The measurement of the HDAC2 protein level can use an antibody, in which case the HDAC2 marker protein in the biological sample and the antibody specific to it form a binding, i.e., an antigen-antibody complex, and the amount of antigen-antibody complex formation is detected. Quantitative measurements can be made through the magnitude of the signal on the label. Such detection labels can be selected from the group consisting of enzymes, minerals, ligands, emitters, microparticles, redox molecules and radioisotopes, but is not limited thereto.

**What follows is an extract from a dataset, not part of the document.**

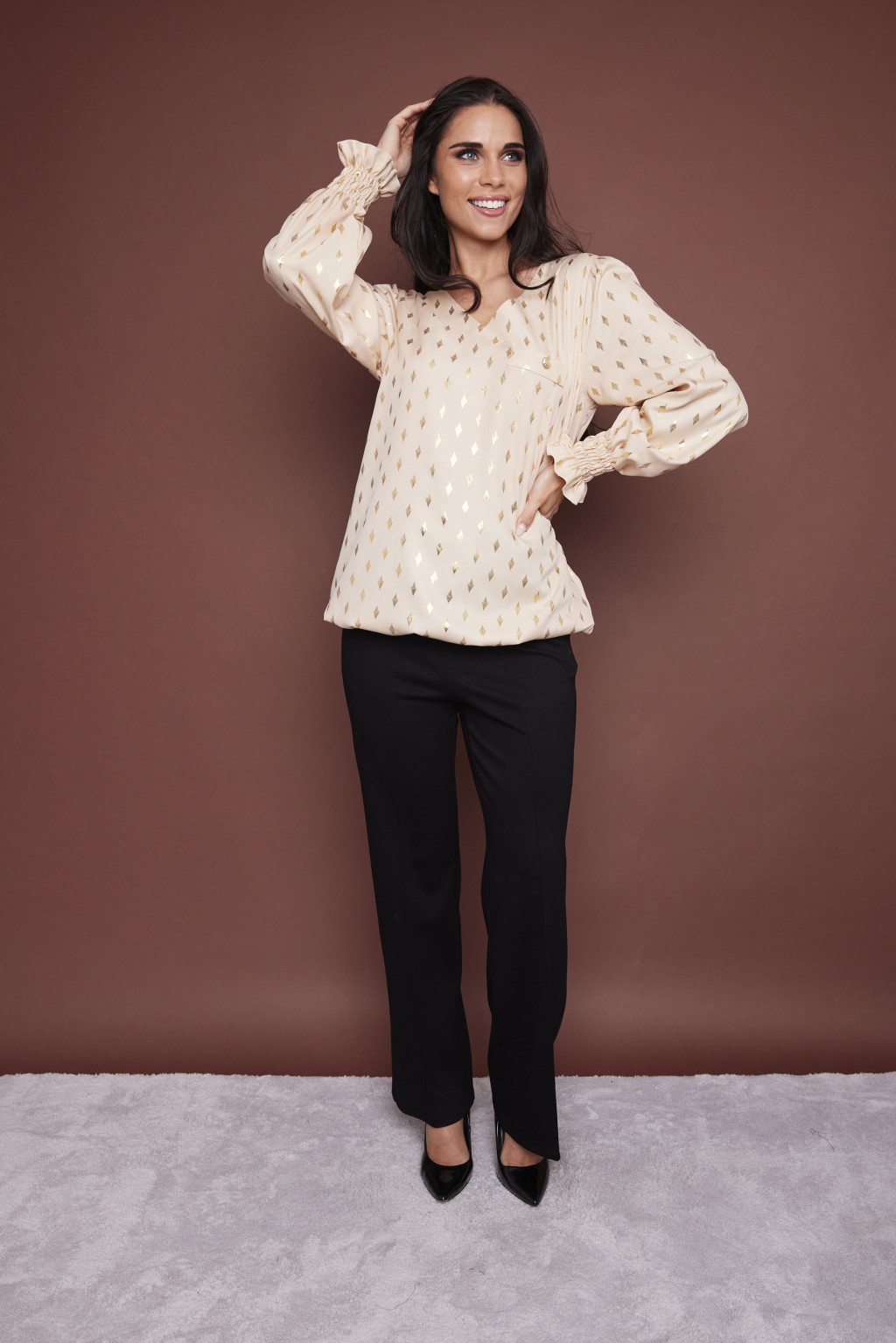 Pomona mintás női blúz V-nyakkivágással és gumírozott ujjakkal,bézs-arany mintás ,L-XL,Tara Collection X Viktori

Analytical methods for measuring protein levels include, but are not limited to, Western blot, ELISA, radioimmunoassay, radioimmunoassay, oukteroni immunodiffusion, rocket immunoelectrophoresis, tissue immunostaining, immunoprecipitation assay, Complement fixation assays, FACS, protein chips, and the like.

Therefore, the present invention can determine the amount of HDAC2 mRNA expression or protein in the control group and the amount of HDAC2 mRNA expression or protein in gastric cancer patients or suspected gastric cancer patients, and the degree of the expression amount through the detection method as described above By comparing with, it is possible to predict and diagnose the incidence, progression or prognosis of gastric cancer.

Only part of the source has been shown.